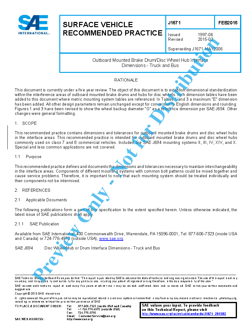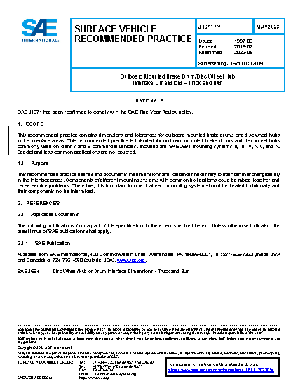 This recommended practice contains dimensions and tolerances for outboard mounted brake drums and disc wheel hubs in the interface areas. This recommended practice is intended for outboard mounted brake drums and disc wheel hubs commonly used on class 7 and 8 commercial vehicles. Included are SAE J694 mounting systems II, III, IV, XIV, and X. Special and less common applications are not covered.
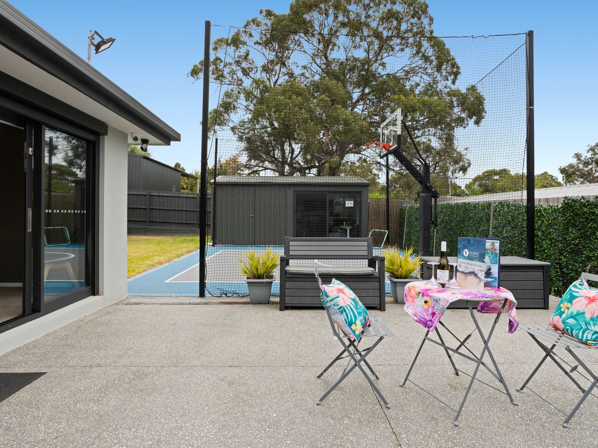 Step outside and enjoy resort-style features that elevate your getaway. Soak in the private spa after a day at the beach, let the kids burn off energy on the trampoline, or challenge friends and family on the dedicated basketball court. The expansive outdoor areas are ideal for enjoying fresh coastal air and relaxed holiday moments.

----------------------------------------

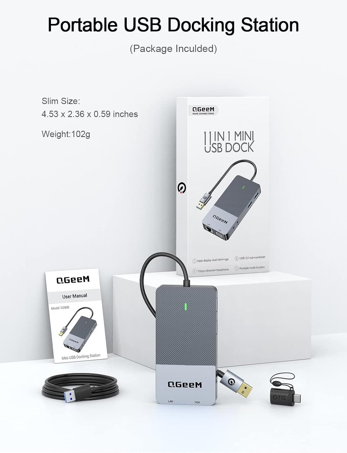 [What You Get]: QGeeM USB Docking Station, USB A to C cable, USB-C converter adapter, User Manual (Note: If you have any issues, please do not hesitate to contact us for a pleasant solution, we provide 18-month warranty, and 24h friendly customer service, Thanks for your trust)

----------------------------------------

> **THE TASK**:
Because only one stretch of the records is wanted, please output the lines from the one holding "This recommended practice contains" through the one holding "Step outside and" exactly, both included, and leave every picture out.

> **TASK RESULT**:
 This recommended practice contains dimensions and tolerances for outboard mounted brake drums and disc wheel hubs in the interface areas. This recommended practice is intended for outboard mounted brake drums and disc wheel hubs commonly used on class 7 and 8 commercial vehicles. Included are SAE J694 mounting systems II, III, IV, XIV, and X. Special and less common applications are not covered.
 Step outside and enjoy resort-style features that elevate your getaway. Soak in the private spa after a day at the beach, let the kids burn off energy on the trampoline, or challenge friends and family on the dedicated basketball court. The expansive outdoor areas are ideal for enjoying fresh coastal air and relaxed holiday moments.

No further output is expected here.